[Start of Attachment]
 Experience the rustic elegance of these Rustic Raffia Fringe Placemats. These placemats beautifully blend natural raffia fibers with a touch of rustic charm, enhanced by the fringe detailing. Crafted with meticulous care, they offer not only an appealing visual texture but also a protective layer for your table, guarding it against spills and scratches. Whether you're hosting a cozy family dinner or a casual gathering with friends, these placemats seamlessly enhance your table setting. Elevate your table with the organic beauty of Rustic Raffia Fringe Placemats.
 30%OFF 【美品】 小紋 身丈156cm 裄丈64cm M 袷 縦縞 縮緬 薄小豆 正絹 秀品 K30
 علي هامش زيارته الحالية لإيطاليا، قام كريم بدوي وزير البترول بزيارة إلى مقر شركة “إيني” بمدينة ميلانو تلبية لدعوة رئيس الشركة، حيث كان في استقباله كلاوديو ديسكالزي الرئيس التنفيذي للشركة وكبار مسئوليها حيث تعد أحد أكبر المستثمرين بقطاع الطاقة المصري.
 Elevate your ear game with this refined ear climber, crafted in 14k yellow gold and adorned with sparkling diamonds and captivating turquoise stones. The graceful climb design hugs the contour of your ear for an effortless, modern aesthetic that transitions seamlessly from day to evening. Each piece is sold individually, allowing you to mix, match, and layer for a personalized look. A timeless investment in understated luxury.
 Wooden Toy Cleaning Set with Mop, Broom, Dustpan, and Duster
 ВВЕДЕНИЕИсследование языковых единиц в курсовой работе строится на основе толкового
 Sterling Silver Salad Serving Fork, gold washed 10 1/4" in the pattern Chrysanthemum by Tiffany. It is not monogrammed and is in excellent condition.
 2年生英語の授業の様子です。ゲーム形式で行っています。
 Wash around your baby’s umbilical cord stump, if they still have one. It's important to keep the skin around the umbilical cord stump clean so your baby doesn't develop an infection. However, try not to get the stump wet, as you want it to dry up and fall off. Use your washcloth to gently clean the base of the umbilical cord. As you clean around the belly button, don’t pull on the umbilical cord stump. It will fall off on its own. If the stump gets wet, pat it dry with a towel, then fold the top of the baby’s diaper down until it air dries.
[End of Attachment]
Write the whole listing out again exactly.

REPLY TO THE EXERCISE:
 Experience the rustic elegance of these Rustic Raffia Fringe Placemats. These placemats beautifully blend natural raffia fibers with a touch of rustic charm, enhanced by the fringe detailing. Crafted with meticulous care, they offer not only an appealing visual texture but also a protective layer for your table, guarding it against spills and scratches. Whether you're hosting a cozy family dinner or a casual gathering with friends, these placemats seamlessly enhance your table setting. Elevate your table with the organic beauty of Rustic Raffia Fringe Placemats.
 30%OFF 【美品】 小紋 身丈156cm 裄丈64cm M 袷 縦縞 縮緬 薄小豆 正絹 秀品 K30
 علي هامش زيارته الحالية لإيطاليا، قام كريم بدوي وزير البترول بزيارة إلى مقر شركة “إيني” بمدينة ميلانو تلبية لدعوة رئيس الشركة، حيث كان في استقباله كلاوديو ديسكالزي الرئيس التنفيذي للشركة وكبار مسئوليها حيث تعد أحد أكبر المستثمرين بقطاع الطاقة المصري.
 Elevate your ear game with this refined ear climber, crafted in 14k yellow gold and adorned with sparkling diamonds and captivating turquoise stones. The graceful climb design hugs the contour of your ear for an effortless, modern aesthetic that transitions seamlessly from day to evening. Each piece is sold individually, allowing you to mix, match, and layer for a personalized look. A timeless investment in understated luxury.
 Wooden Toy Cleaning Set with Mop, Broom, Dustpan, and Duster
 ВВЕДЕНИЕИсследование языковых единиц в курсовой работе строится на основе толкового
 Sterling Silver Salad Serving Fork, gold washed 10 1/4" in the pattern Chrysanthemum by Tiffany. It is not monogrammed and is in excellent condition.
 2年生英語の授業の様子です。ゲーム形式で行っています。
 Wash around your baby’s umbilical cord stump, if they still have one. It's important to keep the skin around the umbilical cord stump clean so your baby doesn't develop an infection. However, try not to get the stump wet, as you want it to dry up and fall off. Use your washcloth to gently clean the base of the umbilical cord. As you clean around the belly button, don’t pull on the umbilical cord stump. It will fall off on its own. If the stump gets wet, pat it dry with a towel, then fold the top of the baby’s diaper down until it air dries.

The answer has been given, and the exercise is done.